Megan’s parents do not agree with the Boulder County
Sheriff’s Office’s determination of suicide as the cause of their
daughter’s death and, according to Díaz, there were concerns
about how the case was handled from the beginning.
Díaz and Trussell hired a private investigator who identified
unexplored surveillance cameras and is helping them gather
records and documents from their original holders.
As they pursued their own independent investigation, Díaz
and Trussell became the first people in Colorado to invoke a
state law requiring the Colorado Bureau of Investigation (CBI)
to independently review Megan’s death under a provision for
certain Indigenous deaths ruled suicide or overdose under
suspicious circumstances.
For Megan’s parents, the announcement marked both a step
forward and a reminder of what remains unresolved.
THE CASE TIMELINE
In the Boulder County Sheriff’s Office (BCSO) May 27, 2025
news release, “Conclusion of Investigation into the Death of
Megan Trussell,” the department reported that Megan was last
seen leaving the CU Boulder campus on the night of Feb. 9,
2025. She was reported missing three days later, and her body
was discovered near the 40-mile marker on Boulder Canyon
Drive on Feb. 15.
The release also concluded that Megan died by suicide “as a
result of the toxic effects of amphetamine, a key ingredient in
Adderall, with hypothermia as a contributing factor.”
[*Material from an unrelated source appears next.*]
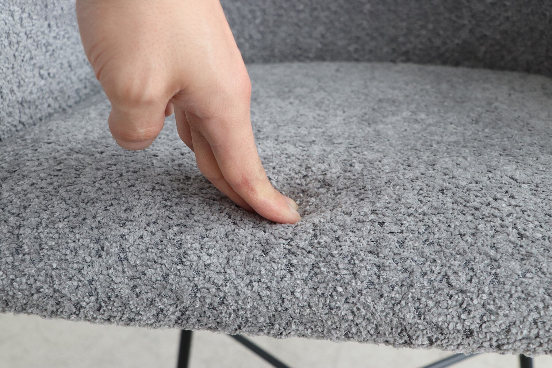 ファッション業界で注目を浴びているブークレー生地。極厚のファブリッククッションで、包み込まれるような座り心地のチェアをインテリアに取り入れることで上級コーデに変身します。包み込まれるようなフォルムは、まるでソファに座っているかのようなくつろぎを味わえます。ブークレー素材は、凹凸がある独特のテクスチャーを持ち、見た目にも美しく、さらには肌触りも非常に快適です。座面には、クッション性の高いものを使用しており、長時間座っても疲れにくく快適に過ごすことができます。また、シンプルでモダンなデザインは、どんなインテリアにもマッチします。ブークレー素材を使ったチェアで、リラックスしたひとときを過ごしてみてはいかがでしょうか。

Díaz said a close friend who works for CBI advised her on
Feb. 12 to file a missing-person report with the Boulder Police
Department rather than CU.
She said she wishes she had gone to the Boulder police first
because once CU took the report, “they kept their narrative”
and acted as “gatekeepers for information.”
Díaz said investigators initially struggled to identify Megan
on camera.
“They started looking for video of her leaving campus, and
they couldn’t find her,” Diaz said. “You know why? Because they
didn’t ask us for a recent picture. She had changed her hair color
from blue to red.”
Above all, they want people to know their daughter. “They
never asked any questions about her…They basically turned
her into a statistic — a statistic that CU did not want to have on
their books,” Diaz said.
‘BRILLIANT AND BEAUTIFUL’
Megan was more than a typical freshman film major at CU
Boulder. Her parents described her passion for music, her
humor, and her creativity. They said she had a way of making
people feel seen.
Her father called Megan hilarious.
“She was happy, she was digging college, and really liked her
classes,” he said. “She was really starting to come into her own.”
Megan was a bass player and a concertgoer. She dreamed of
joining a band.
Diaz said that Megan kept a 15-page list of prospective band
names, including “Taco Bell Breakdown” and “Copyright
Infringement,” underscoring her offbeat humor.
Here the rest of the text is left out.